Big Data and AI in Wealth Management: Leveraging Cloud Computing for Secure and Scalable Financial Infrastructure
摘要
The growing complexity of financial markets has accelerated the adoption of artificial intelligence (AI) and big data analytics in wealth management. These technologies enable financial institutions to analyze vast datasets, optimize portfolios, and automate investment decisions. Cloud computing further enhances these capabilities by providing scalable, high-performance infrastructure for real-time financial decision-making. Despite these benefits, integrating AI with cloud computing presents challenges related to computational efficiency, data security, and scalability. Traditional financial models struggle to process real-time data effectively, leading to suboptimal investment strategies and increased risks. Ensuring secure, adaptive, and high-performance AI-driven decision-making remains a significant concern.
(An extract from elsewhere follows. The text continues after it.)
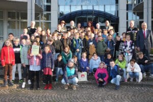 In einem naturkundlichen Wettkampf erspielten sich die drei Gewinnerklassen der diesjährigen Waldjugendspiele mit viel Spaß und Wissen die drei ausgelobten Hauptpreise. Diese überreichte Landrat Dr. Schneider den Schülerinnen und Schülern bei der Abschlussfeier der Waldjugendspiele 2022 im Kreishaus Meschede. Die Schülerinnen und Schüler der Klasse 4b der Johannesschule Arnsberg werden eine „Walderlebnistour mit einem Ranger“ unternehmen. Sie werden zu „Ranger-Kids“ ausgebildet und erhalten ein „Ranger-Kids-Diplom“. Die Klasse 4a der St. Engelbertschule Brilon wird den Wildwaldes Voßwinkel besuchen und sich dort ein Thema für eine naturkundliche Führung aussuchen. Zu den Bruchhauser Steinen sowie rauf auf den Feldstein geht es für die Klasse 4b der Rodentelgenschule Arnsberg-Bruchhausen. Der Landrat dankte insbesondere den Sponsoren vom Wildwald Voßwinkel, von der Stiftung Bruchhauser Steine sowie dem Regionalforstamt Oberes Sauerland für die Stiftung der Hauptpreise.
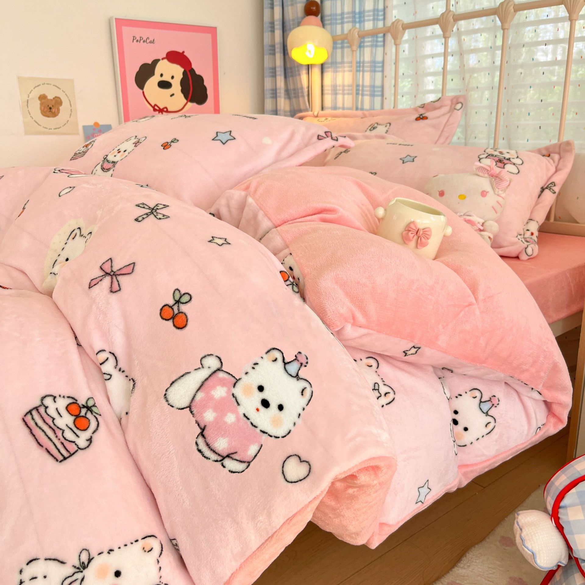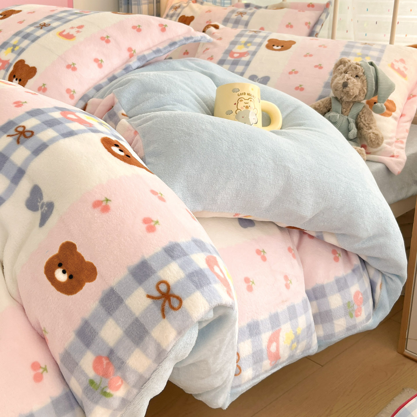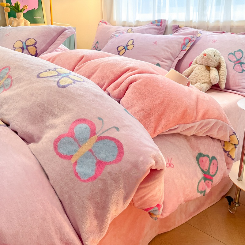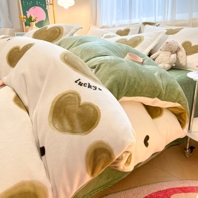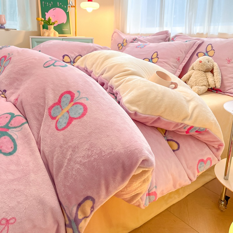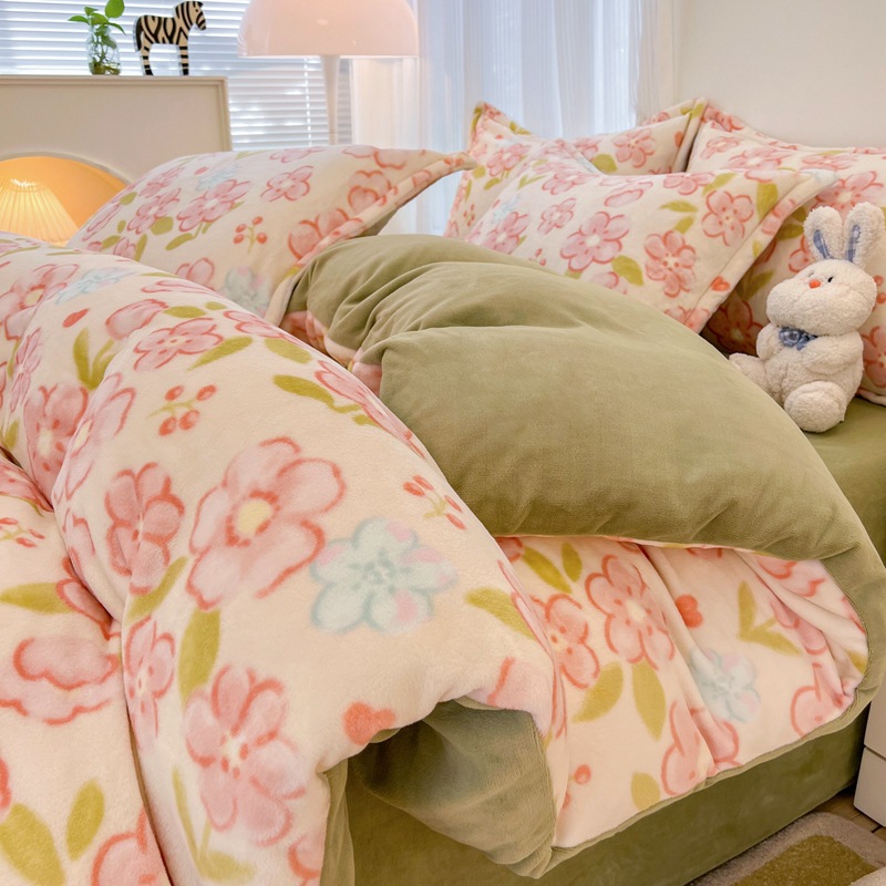 冬季A类母婴级牛奶绒四件套小清新加厚保暖被套罩床笠学生三件套4

This paper proposes a cloud-based AI-driven wealth management framework that utilizes machine learning, distributed computing, and homomorphic encryption to optimize portfolio allocation and enhance security. The multi-layered architecture integrates real-time financial data acquisition, AI-driven analytics, and scalable cloud deployment. Experimental results demonstrate that the proposed framework outperforms traditional models in investment return, risk mitigation, and computational efficiency. The findings highlight that cloud-optimized AI solutions reduce latency while ensuring security and regulatory compliance. These insights underscore the transformative potential of AI and cloud computing in modern wealth management, enabling secure, intelligent, and scalable financial decision-making systems.